* _Work item_
Give every line of the material back exactly, images removed.

* _Collected material_
"""

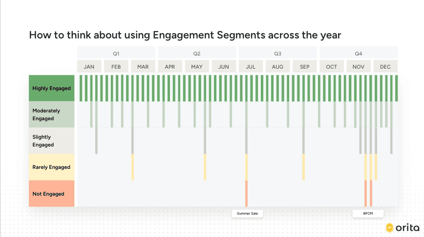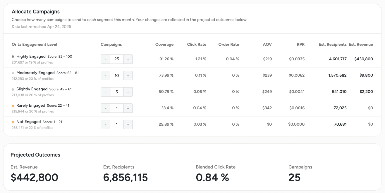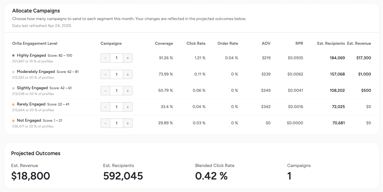 For example, a segment like "180D Engaged" will likely pull in profiles that Orita would classify as Slightly or Rarely Engaged. When those profiles are included in your actual send, your real results in Klaviyo may diverge from what the Scenario Planner projected if you had only planned to send to Highly and Moderately Engaged. This can dilute click rates and revenue lift relative to the projection.
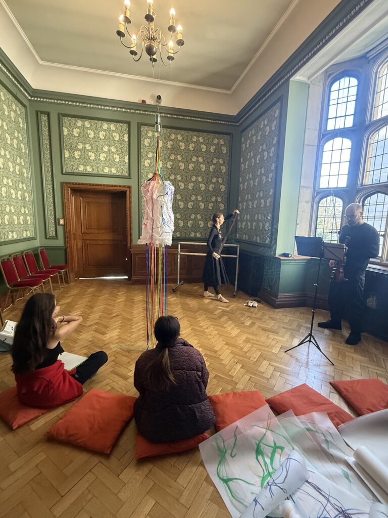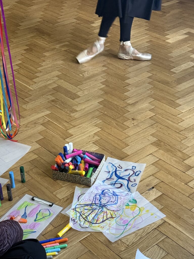 2nd day was even better with 6 people attending, this time more creative and really decisive when it came to drawing. I really loved everyone sitting on the pillows on the floor, surrounded by tracing paper and markers, asking me for more supplies, reacting to the performance with such a huge variety of drawing styles and really combining what they were seeing with what they felt when withnessing the performance. The most incredible conversation, which made me think: “this is the main reason I wanted to do this workshop” was one young woman’s reaction to this snippet from the Lara Turk’s – dancer’s monologue about postpartum ” My body didn’t feel like a dancers body, or look like a dancer’s body. I felt so many miles away from that identity. I didn’t know how I was going to get back, but I had to get back. I’m a dancer. I’m an actress. I need to emote, to embody. I crave the hyperfocus of a performance. The complete presence of that lived moment in live performance. Sometimes I wonder if my children will think my choice to keep dancing is selfish. I hope not. Mothers work, women have careers, my work means so much to me, I’m so proud of it. It’s governed nearly all of my life choices ot date. I hope I teach my children passion, dedication, sacrifice, focus. When people ask me: ‘Aren’t you worried about the time you’re missing out with them? They grow up so fast. Aren’t you worried about missing that?’ No one asks my husband that. As if that guilt should fall only on mothers.” After listening to this the lady said: “I don’t have children, but in China, my home country, so many women give up their careers to care for their children and their home, they later push their children so hard to fulfill their own dreams they gave up. I don’t think this is good. I think if I ever have children I would like to raise them watching me pursue my passion, my career. I think that owuld be better for them.” I have tears in my eyes even just writing this, I relate so much, I relate to Lara’s words, her passion, her “desperation” to keep pursuing, not just selfishly for ourselves, but as mothers, this almost feels like a responsibility, something our children must witness in order to thrive themselves as adults. I am so extremely grateful for this workshop experience, to Adam and Natasha, and to the entire Two Temple Place team. To my husband for playing the violin so beautifully and improvising so openly with Lara. To my mum and my brother who came especially from Poland to come and film it. And to all the wonderful women who came and experienced it and hopefully got something good out of it for themselves, maybe a feeling they’re not alone, that there are more of us creative mums out there, doing everything possible to combine mother-artist life.
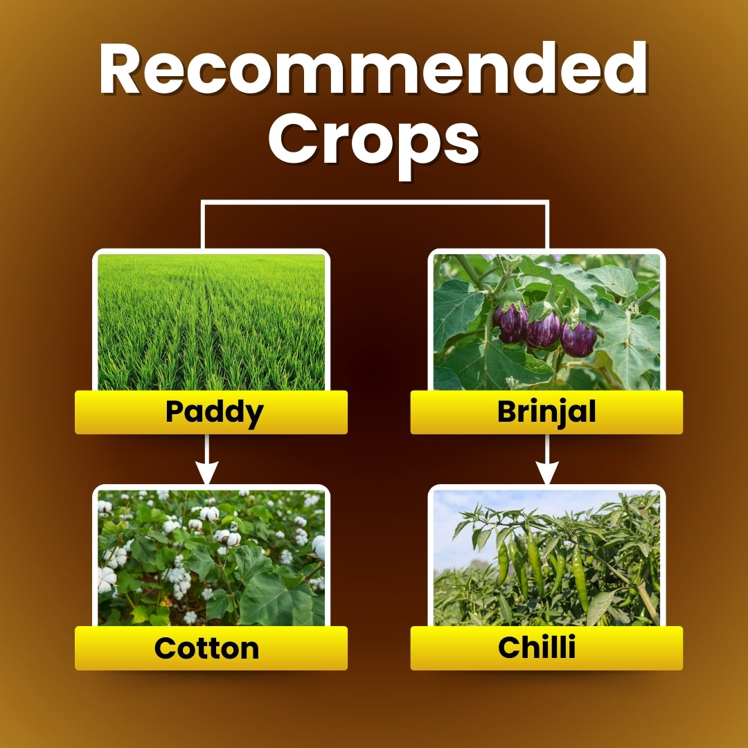 Applicable Crops: Katyayani Spino45 is effective on a variety of crops, including Cotton, Chillies, Red Gram, Brinjal, and Grapes, among others.

"""

* _Written response_
 For example, a segment like "180D Engaged" will likely pull in profiles that Orita would classify as Slightly or Rarely Engaged. When those profiles are included in your actual send, your real results in Klaviyo may diverge from what the Scenario Planner projected if you had only planned to send to Highly and Moderately Engaged. This can dilute click rates and revenue lift relative to the projection.
 2nd day was even better with 6 people attending, this time more creative and really decisive when it came to drawing. I really loved everyone sitting on the pillows on the floor, surrounded by tracing paper and markers, asking me for more supplies, reacting to the performance with such a huge variety of drawing styles and really combining what they were seeing with what they felt when withnessing the performance. The most incredible conversation, which made me think: “this is the main reason I wanted to do this workshop” was one young woman’s reaction to this snippet from the Lara Turk’s – dancer’s monologue about postpartum ” My body didn’t feel like a dancers body, or look like a dancer’s body. I felt so many miles away from that identity. I didn’t know how I was going to get back, but I had to get back. I’m a dancer. I’m an actress. I need to emote, to embody. I crave the hyperfocus of a performance. The complete presence of that lived moment in live performance. Sometimes I wonder if my children will think my choice to keep dancing is selfish. I hope not. Mothers work, women have careers, my work means so much to me, I’m so proud of it. It’s governed nearly all of my life choices ot date. I hope I teach my children passion, dedication, sacrifice, focus. When people ask me: ‘Aren’t you worried about the time you’re missing out with them? They grow up so fast. Aren’t you worried about missing that?’ No one asks my husband that. As if that guilt should fall only on mothers.” After listening to this the lady said: “I don’t have children, but in China, my home country, so many women give up their careers to care for their children and their home, they later push their children so hard to fulfill their own dreams they gave up. I don’t think this is good. I think if I ever have children I would like to raise them watching me pursue my passion, my career. I think that owuld be better for them.” I have tears in my eyes even just writing this, I relate so much, I relate to Lara’s words, her passion, her “desperation” to keep pursuing, not just selfishly for ourselves, but as mothers, this almost feels like a responsibility, something our children must witness in order to thrive themselves as adults. I am so extremely grateful for this workshop experience, to Adam and Natasha, and to the entire Two Temple Place team. To my husband for playing the violin so beautifully and improvising so openly with Lara. To my mum and my brother who came especially from Poland to come and film it. And to all the wonderful women who came and experienced it and hopefully got something good out of it for themselves, maybe a feeling they’re not alone, that there are more of us creative mums out there, doing everything possible to combine mother-artist life.
 Applicable Crops: Katyayani Spino45 is effective on a variety of crops, including Cotton, Chillies, Red Gram, Brinjal, and Grapes, among others.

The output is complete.